- Battle of Friedau: Part of the Hungarian Revolution of 1848
| Date | 8 November 1848 |
| Location | Friedau, Duchy of Styria, Habsburg monarchy, today Ormož, Slovenia |
| Result | Hungarian victory |

Belligerents
- Hungarian Revolutionary Army: Austrian Empire

Commanders and leaders
- Mór Perczel: Johann Wilhelm Burits de Pournay

Strength
- 4,935 men 525 horses 12 cannons: 1,681 + ? men 324 + ? horses 6 cannons

Casualties and losses
- 1 dead 12 wounded 2 missing or captured 2 horses: 1 dead 8 wounded 27 (47) missing or captured 6 horses

= Battle of Friedau =

Battle during Hungarian Revolution of 1848

The Battle of Friedau was a battle in the Hungarian War of Independence of 1848-1849, fought on 8 November 1848 between the Hungarian Revolutionary Army under the command of General Mór Perczel and the Austrian K.u.K. troops under General Johann Wilhelm Burits de Pournay.
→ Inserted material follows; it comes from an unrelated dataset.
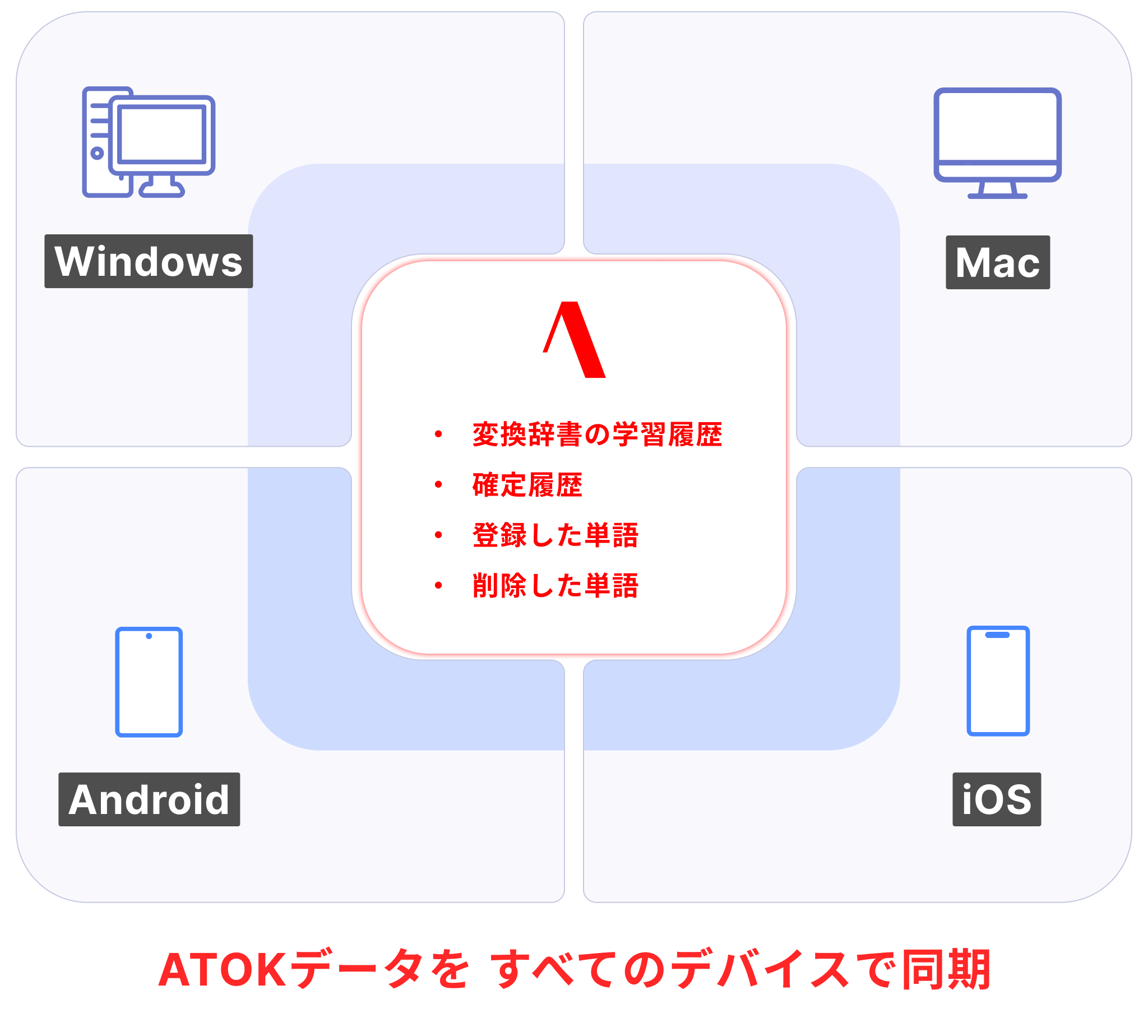ATOK Sync APを使って、Windows、Mac、Android、iOSの端末間で登録した単語を同期できるので、使い慣れた自分仕様のATOKがいつでもどこでも利用できます。Windowsどうし、Macどうしであれば、学習情報、確定履歴、登録した単語、お気に入り文書も同期できます。

Perczel, after liberating on 17 October the Muraköz, at the beginning of November, got information that the Austrian troops from Styria and the Croatian troops plan to perform a concentrated attack against him, with much superior forces, so he decided to do a preemptive attack against the Austrian troops from Styria. He defeated the troops of General Burits at Friedau, then retreated back to Hungary, thus securing Muraköz for another month.

==Background==
After the complete cleansing of the Muraköz (the region between the Drava and the Mura rivers, today part of Croatia, called Međimurje County), thanks to the Battles of Letenye and Kotor, General Mór Perczel gathered information from the Croatian regions until Varasd. Because of the rugged terrain, he found it increasingly difficult to perform reconnaissance activities, also because the bushy, wooded landscape made it difficult to use cavalry for this. But he knew from reconnaissance data that there was a significant enemy force in and around Varasd (Varaždin), which was twice his own strength. On 21 October, he had learned that Todorović's 12,000-strong column was on its way to Varasd. This news prompted him to abandon his plan to capture the bridge at Varasd and devote all his efforts to fortifying Csáktornya.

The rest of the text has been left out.